Exercise description >>
Your output must hold every entry exactly as written and none of the pictures.

[Items from a dataset]
────────
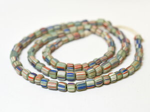 芯が薄緑色の母胎表面に3色の縞模様が施されている、柔らかな雰囲気のストライプビーズです。ハンドメイドアクセサリ製作用におススメです。写真はサンプルとさせていただきますが、ほぼ同様の
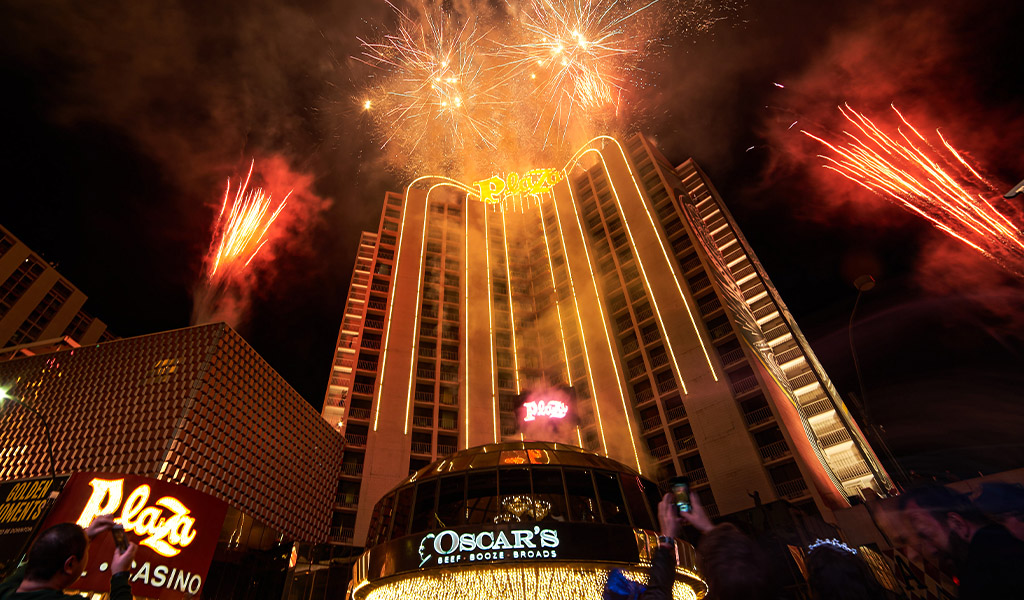 At midnight, experience Plaza’s annual, and Downtown’s only, New Year’s Eve Fireworks show. Prime viewing spots include on Main Street (which will be closed to vehicles), in front of the Plaza’s Carousel Bar and Oscar’s under the glass dome.
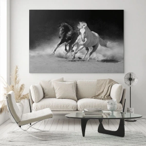 Impression sur verre - Image sur verre - Chevaux au galop en noir et blanc - 70x100cm - Galop de la liberté - Décoration murale moderne pour le salon et la chambre ARTTOR
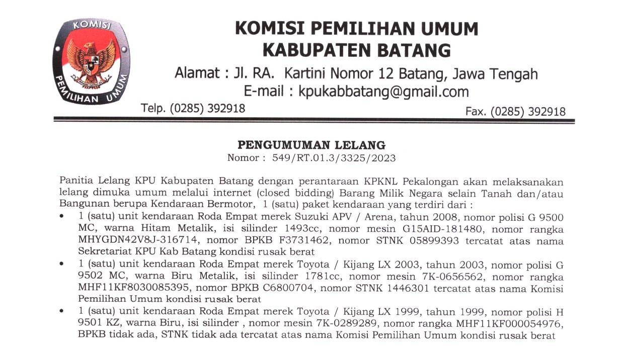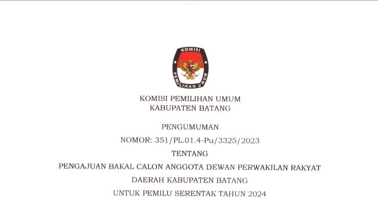 Delegasi partai diterima oleh Ketua dan Anggota KPU bersama Sekretaris KPU Kabupaten Batang serta disaksikan oleh Bawaslu, bertempat di Aula KPU Kabupaten Batang.
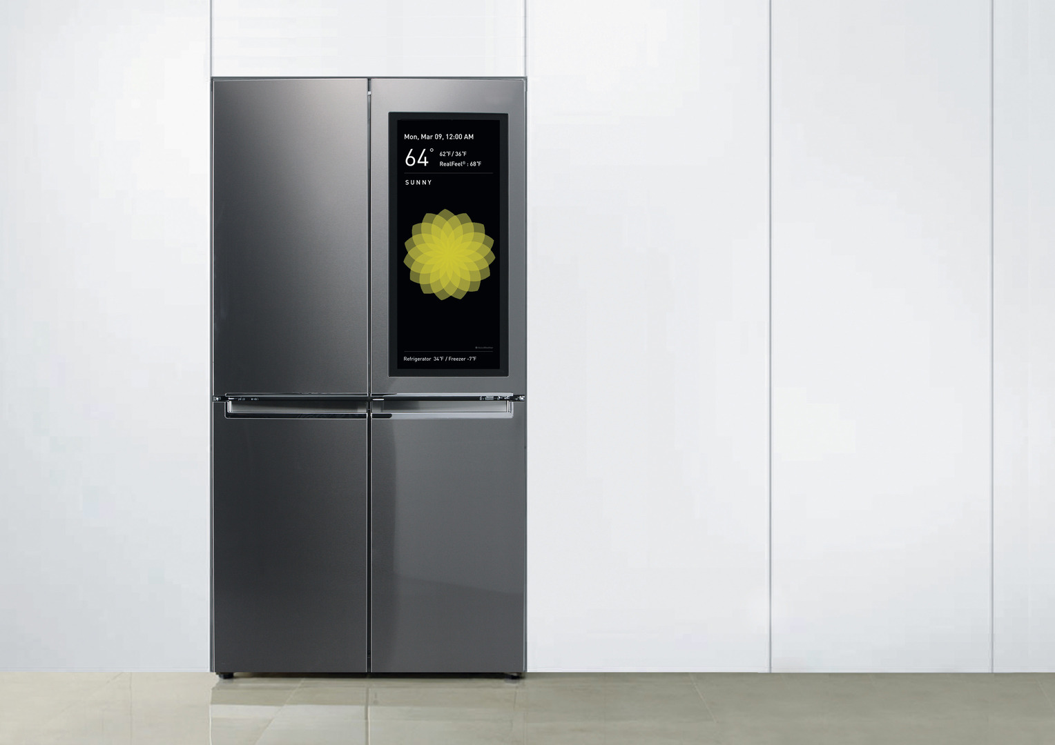 Smart InstaView is an interactive refrigerator that provides new values for the kitchen, based on several innovative functions. Apart from turning the transparent door on and off, users can check the status of food inside without opening the door, even when out and about thanks to a dedicated app. All necessary information is available at a glance and, by touching the screen on the refrigerator, they can enter expiration dates or leave messages. Moreover, various options enhance convenience, such as a “sticker” function for marking food, a timer function, recipes, TV programmes and music.
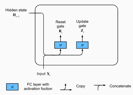 GRU의 전체적인 구조에 대해서 [Section 1: GRU]에서 자세하게 살펴보겠습니다.
────────
Your solution >>
 芯が薄緑色の母胎表面に3色の縞模様が施されている、柔らかな雰囲気のストライプビーズです。ハンドメイドアクセサリ製作用におススメです。写真はサンプルとさせていただきますが、ほぼ同様の
 At midnight, experience Plaza’s annual, and Downtown’s only, New Year’s Eve Fireworks show. Prime viewing spots include on Main Street (which will be closed to vehicles), in front of the Plaza’s Carousel Bar and Oscar’s under the glass dome.
 Impression sur verre - Image sur verre - Chevaux au galop en noir et blanc - 70x100cm - Galop de la liberté - Décoration murale moderne pour le salon et la chambre ARTTOR
 Delegasi partai diterima oleh Ketua dan Anggota KPU bersama Sekretaris KPU Kabupaten Batang serta disaksikan oleh Bawaslu, bertempat di Aula KPU Kabupaten Batang.
 Smart InstaView is an interactive refrigerator that provides new values for the kitchen, based on several innovative functions. Apart from turning the transparent door on and off, users can check the status of food inside without opening the door, even when out and about thanks to a dedicated app. All necessary information is available at a glance and, by touching the screen on the refrigerator, they can enter expiration dates or leave messages. Moreover, various options enhance convenience, such as a “sticker” function for marking food, a timer function, recipes, TV programmes and music.
 GRU의 전체적인 구조에 대해서 [Section 1: GRU]에서 자세하게 살펴보겠습니다.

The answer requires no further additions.